Sé valiente, por favor: ¿qué lectura “insoslayable” tienes todavía pendiente?

La montaña mágica, de Thomas Mann. No es el único gran título alemán que tengo pendiente.

¿Sabes de algún libro extranjero que habría que traducir con urgencia, o alguno descatalogado o muy desconocido que haya que reeditar para bien del mundo?

En Valencia estamos celebrando el año de Carmelina Sánchez-Cutillas (1927-2009). Creo que la traducción de su obra al castellano y la publicación de una edición bilingüe sería una fantástica noticia para dar a conocer a esta escritora a un público más amplio.

Algún vicio inconfesable sobre libros (subrayar, tirar a la basura, robar, gastarte lo que no tienes, esconder los libros que compras para que no te riñan en casa, hacer listas y hasta estadísticas con los libros que lees, leer hasta el ISBN y el colofón…)

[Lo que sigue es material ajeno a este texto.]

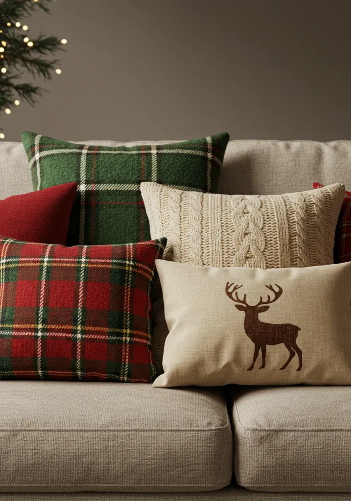 • Festive Fabrics: Look for pillows in cozy, wintery fabrics like wool, velvet, faux fur, and flannel.

Hago montones con libros por toda la casa, columnas inestables sobre cualquier superficie. Me cuesta guardarlos, almacenarlos ordenadamente. Acaban desparramados felizmente por todas partes.

Define tu perfil de librero/a ideal: tímido/a, parlanchín/a, con un ordenador en la cabeza, sabelotodo, a la última, clásico/a…

Me gustan las libreras que se acuerdan de ti cuando vuelves a la librería, las que te preguntan qué te pareció el libro que compraste la última vez, las que quieren conocerte para aconsejarte mejor.

¿Qué tiene que tener una librería para que te apetezca volver a ella?

Una nutrida sección de poesía, que vaya más allá de los clásicos escolares y no se deje obnubilar por superventas poéticos.

Recomiéndanos, por favor, un clásico (o varios), y un libro reciente.

La plaça del Diamant, de Mercè Rodoreda, es un clásico maravilloso y necesario. Si pienso en un libro reciente, aunque ya no tan reciente, me viene a la cabeza la arrolladora Lectura fácil, de Cristina Morales. Un descubrimiento inmenso.

[Y la pregunta 10 la lanza Maria Jose Graciá, nuestra querida “Majo“, de la Librería El Puerto (Sagunto, Valencia):]

“Me encantaría saber cómo es tu proceso creador. Si tienes algún ritual, si llevas siempre una libreta a cuestas y anotas mientras vas en el bus o te grabas si te viene alguna idea, o si en cambio eres más organizada y planificas más las horas que le dedicas y escribes en tu escritorio con un tipo de boli específico, con algún disco de fondo… en definitiva, cómo sueles escribir: procesos y rituales. Y como pequeño extra, si se puede, poeta referente de nuestra tierra”.

Existen pocas costumbres inamovibles en mi proceso de escritura, por ejemplo, alterno la escritura a mano con la escritura en el ordenador. Pero, si escribo a mano, utilizo siempre un bolígrafo de tinta líquida Pilot V5 lila (o azul). El modo en que esparce la tinta me parece una metáfora de la fluidez con me gustaría que emergieran las palabras. Estos bolis constituyen casi un fetiche para mí.

Con respecto a la poesía de nuestra tierra: en castellano, la obra de Francisca Aguirre constituye un faro importantísimo; en valenciano, Teresa Pascual es una de mis poetas de referencia.